* _Dataset records_:
.....

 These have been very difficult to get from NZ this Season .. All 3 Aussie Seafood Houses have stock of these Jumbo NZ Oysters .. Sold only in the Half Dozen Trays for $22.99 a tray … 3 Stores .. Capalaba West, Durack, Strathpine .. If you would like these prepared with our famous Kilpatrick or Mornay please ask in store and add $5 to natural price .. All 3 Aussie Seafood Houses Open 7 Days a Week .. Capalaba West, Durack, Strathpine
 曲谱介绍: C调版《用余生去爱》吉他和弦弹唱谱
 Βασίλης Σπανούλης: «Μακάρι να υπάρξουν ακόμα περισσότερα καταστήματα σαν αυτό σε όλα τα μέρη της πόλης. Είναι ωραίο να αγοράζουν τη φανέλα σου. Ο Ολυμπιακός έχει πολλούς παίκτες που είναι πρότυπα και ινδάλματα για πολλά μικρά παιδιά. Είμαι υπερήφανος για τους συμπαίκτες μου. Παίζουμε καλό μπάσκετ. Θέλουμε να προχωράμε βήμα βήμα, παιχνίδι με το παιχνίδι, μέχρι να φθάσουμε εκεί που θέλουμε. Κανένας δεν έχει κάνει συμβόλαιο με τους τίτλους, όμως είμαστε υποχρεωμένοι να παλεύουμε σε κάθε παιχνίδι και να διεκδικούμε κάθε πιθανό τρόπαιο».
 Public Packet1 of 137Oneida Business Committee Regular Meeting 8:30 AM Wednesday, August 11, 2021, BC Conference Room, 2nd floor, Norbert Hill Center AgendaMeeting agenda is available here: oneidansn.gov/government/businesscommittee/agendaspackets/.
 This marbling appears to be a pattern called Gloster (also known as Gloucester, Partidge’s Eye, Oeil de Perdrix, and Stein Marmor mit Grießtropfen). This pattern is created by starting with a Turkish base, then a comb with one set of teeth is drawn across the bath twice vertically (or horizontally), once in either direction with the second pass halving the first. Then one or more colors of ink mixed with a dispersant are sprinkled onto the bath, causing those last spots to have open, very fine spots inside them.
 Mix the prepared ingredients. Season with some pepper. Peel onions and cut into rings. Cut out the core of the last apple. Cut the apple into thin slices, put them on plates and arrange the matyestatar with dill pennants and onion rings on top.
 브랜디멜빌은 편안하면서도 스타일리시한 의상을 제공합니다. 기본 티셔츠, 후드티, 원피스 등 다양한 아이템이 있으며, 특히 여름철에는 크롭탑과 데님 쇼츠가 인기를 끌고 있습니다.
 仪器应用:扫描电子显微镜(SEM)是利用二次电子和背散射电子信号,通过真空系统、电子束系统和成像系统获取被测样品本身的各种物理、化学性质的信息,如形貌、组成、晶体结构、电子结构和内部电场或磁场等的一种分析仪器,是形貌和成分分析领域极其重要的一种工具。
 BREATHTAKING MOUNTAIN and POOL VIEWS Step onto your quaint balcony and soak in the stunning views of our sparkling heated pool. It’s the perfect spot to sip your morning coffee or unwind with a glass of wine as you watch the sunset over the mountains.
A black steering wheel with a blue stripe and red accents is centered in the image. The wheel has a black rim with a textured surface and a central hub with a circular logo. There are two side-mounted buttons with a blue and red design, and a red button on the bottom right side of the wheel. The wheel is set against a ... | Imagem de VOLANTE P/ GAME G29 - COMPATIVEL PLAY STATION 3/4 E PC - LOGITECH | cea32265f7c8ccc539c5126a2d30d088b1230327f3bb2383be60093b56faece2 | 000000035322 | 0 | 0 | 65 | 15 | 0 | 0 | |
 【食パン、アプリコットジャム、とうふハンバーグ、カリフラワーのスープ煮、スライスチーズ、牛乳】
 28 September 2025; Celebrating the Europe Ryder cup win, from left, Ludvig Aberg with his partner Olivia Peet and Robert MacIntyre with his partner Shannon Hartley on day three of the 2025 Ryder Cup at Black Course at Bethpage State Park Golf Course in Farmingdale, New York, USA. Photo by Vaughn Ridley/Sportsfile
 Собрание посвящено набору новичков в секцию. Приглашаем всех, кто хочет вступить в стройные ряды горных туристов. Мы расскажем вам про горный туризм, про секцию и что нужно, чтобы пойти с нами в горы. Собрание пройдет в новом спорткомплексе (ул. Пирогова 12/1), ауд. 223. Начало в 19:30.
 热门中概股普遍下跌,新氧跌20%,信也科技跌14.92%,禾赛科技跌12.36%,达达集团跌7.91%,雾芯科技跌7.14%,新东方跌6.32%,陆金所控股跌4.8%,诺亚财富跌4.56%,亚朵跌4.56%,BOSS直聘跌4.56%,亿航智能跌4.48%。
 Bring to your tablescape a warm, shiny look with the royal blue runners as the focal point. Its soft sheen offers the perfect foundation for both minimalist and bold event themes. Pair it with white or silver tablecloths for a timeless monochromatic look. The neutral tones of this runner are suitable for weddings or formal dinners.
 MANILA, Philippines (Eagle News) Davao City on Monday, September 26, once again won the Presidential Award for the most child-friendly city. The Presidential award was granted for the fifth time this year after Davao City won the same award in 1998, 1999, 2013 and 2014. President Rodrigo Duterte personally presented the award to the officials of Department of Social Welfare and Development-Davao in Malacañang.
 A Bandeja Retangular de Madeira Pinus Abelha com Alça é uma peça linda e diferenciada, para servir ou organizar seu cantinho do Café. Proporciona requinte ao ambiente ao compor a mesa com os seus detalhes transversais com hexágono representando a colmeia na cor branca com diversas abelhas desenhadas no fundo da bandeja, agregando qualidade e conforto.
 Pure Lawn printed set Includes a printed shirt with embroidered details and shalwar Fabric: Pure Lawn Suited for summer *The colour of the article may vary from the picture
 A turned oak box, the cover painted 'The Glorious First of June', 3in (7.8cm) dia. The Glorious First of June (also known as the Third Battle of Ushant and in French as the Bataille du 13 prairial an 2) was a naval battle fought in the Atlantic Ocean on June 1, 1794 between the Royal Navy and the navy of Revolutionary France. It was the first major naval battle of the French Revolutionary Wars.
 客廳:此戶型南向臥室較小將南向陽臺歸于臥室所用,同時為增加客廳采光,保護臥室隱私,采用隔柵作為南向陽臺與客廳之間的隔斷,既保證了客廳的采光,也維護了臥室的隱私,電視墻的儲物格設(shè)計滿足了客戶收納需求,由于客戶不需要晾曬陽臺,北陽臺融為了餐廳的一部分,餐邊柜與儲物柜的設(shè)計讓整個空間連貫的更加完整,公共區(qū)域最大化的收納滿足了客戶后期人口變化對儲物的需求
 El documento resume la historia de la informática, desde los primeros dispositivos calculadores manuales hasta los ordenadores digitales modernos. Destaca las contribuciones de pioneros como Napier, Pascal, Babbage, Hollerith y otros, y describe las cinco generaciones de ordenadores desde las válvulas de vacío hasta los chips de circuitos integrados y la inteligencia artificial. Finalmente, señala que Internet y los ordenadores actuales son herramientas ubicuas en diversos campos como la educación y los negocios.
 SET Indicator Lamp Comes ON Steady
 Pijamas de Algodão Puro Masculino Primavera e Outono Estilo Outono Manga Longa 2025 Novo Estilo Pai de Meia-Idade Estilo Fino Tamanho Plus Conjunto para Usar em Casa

.....

* _Description of the task_: Copy all of the data. Keep every word exactly as it is.

* _Answer to this exercise_:
 These have been very difficult to get from NZ this Season .. All 3 Aussie Seafood Houses have stock of these Jumbo NZ Oysters .. Sold only in the Half Dozen Trays for $22.99 a tray … 3 Stores .. Capalaba West, Durack, Strathpine .. If you would like these prepared with our famous Kilpatrick or Mornay please ask in store and add $5 to natural price .. All 3 Aussie Seafood Houses Open 7 Days a Week .. Capalaba West, Durack, Strathpine
 曲谱介绍: C调版《用余生去爱》吉他和弦弹唱谱
 Βασίλης Σπανούλης: «Μακάρι να υπάρξουν ακόμα περισσότερα καταστήματα σαν αυτό σε όλα τα μέρη της πόλης. Είναι ωραίο να αγοράζουν τη φανέλα σου. Ο Ολυμπιακός έχει πολλούς παίκτες που είναι πρότυπα και ινδάλματα για πολλά μικρά παιδιά. Είμαι υπερήφανος για τους συμπαίκτες μου. Παίζουμε καλό μπάσκετ. Θέλουμε να προχωράμε βήμα βήμα, παιχνίδι με το παιχνίδι, μέχρι να φθάσουμε εκεί που θέλουμε. Κανένας δεν έχει κάνει συμβόλαιο με τους τίτλους, όμως είμαστε υποχρεωμένοι να παλεύουμε σε κάθε παιχνίδι και να διεκδικούμε κάθε πιθανό τρόπαιο».
 Public Packet1 of 137Oneida Business Committee Regular Meeting 8:30 AM Wednesday, August 11, 2021, BC Conference Room, 2nd floor, Norbert Hill Center AgendaMeeting agenda is available here: oneidansn.gov/government/businesscommittee/agendaspackets/.
 This marbling appears to be a pattern called Gloster (also known as Gloucester, Partidge’s Eye, Oeil de Perdrix, and Stein Marmor mit Grießtropfen). This pattern is created by starting with a Turkish base, then a comb with one set of teeth is drawn across the bath twice vertically (or horizontally), once in either direction with the second pass halving the first. Then one or more colors of ink mixed with a dispersant are sprinkled onto the bath, causing those last spots to have open, very fine spots inside them.
 Mix the prepared ingredients. Season with some pepper. Peel onions and cut into rings. Cut out the core of the last apple. Cut the apple into thin slices, put them on plates and arrange the matyestatar with dill pennants and onion rings on top.
 브랜디멜빌은 편안하면서도 스타일리시한 의상을 제공합니다. 기본 티셔츠, 후드티, 원피스 등 다양한 아이템이 있으며, 특히 여름철에는 크롭탑과 데님 쇼츠가 인기를 끌고 있습니다.
 仪器应用:扫描电子显微镜(SEM)是利用二次电子和背散射电子信号,通过真空系统、电子束系统和成像系统获取被测样品本身的各种物理、化学性质的信息,如形貌、组成、晶体结构、电子结构和内部电场或磁场等的一种分析仪器,是形貌和成分分析领域极其重要的一种工具。
 BREATHTAKING MOUNTAIN and POOL VIEWS Step onto your quaint balcony and soak in the stunning views of our sparkling heated pool. It’s the perfect spot to sip your morning coffee or unwind with a glass of wine as you watch the sunset over the mountains.
A black steering wheel with a blue stripe and red accents is centered in the image. The wheel has a black rim with a textured surface and a central hub with a circular logo. There are two side-mounted buttons with a blue and red design, and a red button on the bottom right side of the wheel. The wheel is set against a ... | Imagem de VOLANTE P/ GAME G29 - COMPATIVEL PLAY STATION 3/4 E PC - LOGITECH | cea32265f7c8ccc539c5126a2d30d088b1230327f3bb2383be60093b56faece2 | 000000035322 | 0 | 0 | 65 | 15 | 0 | 0 | |
 【食パン、アプリコットジャム、とうふハンバーグ、カリフラワーのスープ煮、スライスチーズ、牛乳】
 28 September 2025; Celebrating the Europe Ryder cup win, from left, Ludvig Aberg with his partner Olivia Peet and Robert MacIntyre with his partner Shannon Hartley on day three of the 2025 Ryder Cup at Black Course at Bethpage State Park Golf Course in Farmingdale, New York, USA. Photo by Vaughn Ridley/Sportsfile
 Собрание посвящено набору новичков в секцию. Приглашаем всех, кто хочет вступить в стройные ряды горных туристов. Мы расскажем вам про горный туризм, про секцию и что нужно, чтобы пойти с нами в горы. Собрание пройдет в новом спорткомплексе (ул. Пирогова 12/1), ауд. 223. Начало в 19:30.
 热门中概股普遍下跌,新氧跌20%,信也科技跌14.92%,禾赛科技跌12.36%,达达集团跌7.91%,雾芯科技跌7.14%,新东方跌6.32%,陆金所控股跌4.8%,诺亚财富跌4.56%,亚朵跌4.56%,BOSS直聘跌4.56%,亿航智能跌4.48%。
 Bring to your tablescape a warm, shiny look with the royal blue runners as the focal point. Its soft sheen offers the perfect foundation for both minimalist and bold event themes. Pair it with white or silver tablecloths for a timeless monochromatic look. The neutral tones of this runner are suitable for weddings or formal dinners.
 MANILA, Philippines (Eagle News) Davao City on Monday, September 26, once again won the Presidential Award for the most child-friendly city. The Presidential award was granted for the fifth time this year after Davao City won the same award in 1998, 1999, 2013 and 2014. President Rodrigo Duterte personally presented the award to the officials of Department of Social Welfare and Development-Davao in Malacañang.
 A Bandeja Retangular de Madeira Pinus Abelha com Alça é uma peça linda e diferenciada, para servir ou organizar seu cantinho do Café. Proporciona requinte ao ambiente ao compor a mesa com os seus detalhes transversais com hexágono representando a colmeia na cor branca com diversas abelhas desenhadas no fundo da bandeja, agregando qualidade e conforto.
 Pure Lawn printed set Includes a printed shirt with embroidered details and shalwar Fabric: Pure Lawn Suited for summer *The colour of the article may vary from the picture
 A turned oak box, the cover painted 'The Glorious First of June', 3in (7.8cm) dia. The Glorious First of June (also known as the Third Battle of Ushant and in French as the Bataille du 13 prairial an 2) was a naval battle fought in the Atlantic Ocean on June 1, 1794 between the Royal Navy and the navy of Revolutionary France. It was the first major naval battle of the French Revolutionary Wars.
 客廳:此戶型南向臥室較小將南向陽臺歸于臥室所用,同時為增加客廳采光,保護臥室隱私,采用隔柵作為南向陽臺與客廳之間的隔斷,既保證了客廳的采光,也維護了臥室的隱私,電視墻的儲物格設(shè)計滿足了客戶收納需求,由于客戶不需要晾曬陽臺,北陽臺融為了餐廳的一部分,餐邊柜與儲物柜的設(shè)計讓整個空間連貫的更加完整,公共區(qū)域最大化的收納滿足了客戶后期人口變化對儲物的需求
 El documento resume la historia de la informática, desde los primeros dispositivos calculadores manuales hasta los ordenadores digitales modernos. Destaca las contribuciones de pioneros como Napier, Pascal, Babbage, Hollerith y otros, y describe las cinco generaciones de ordenadores desde las válvulas de vacío hasta los chips de circuitos integrados y la inteligencia artificial. Finalmente, señala que Internet y los ordenadores actuales son herramientas ubicuas en diversos campos como la educación y los negocios.
 SET Indicator Lamp Comes ON Steady
 Pijamas de Algodão Puro Masculino Primavera e Outono Estilo Outono Manga Longa 2025 Novo Estilo Pai de Meia-Idade Estilo Fino Tamanho Plus Conjunto para Usar em Casa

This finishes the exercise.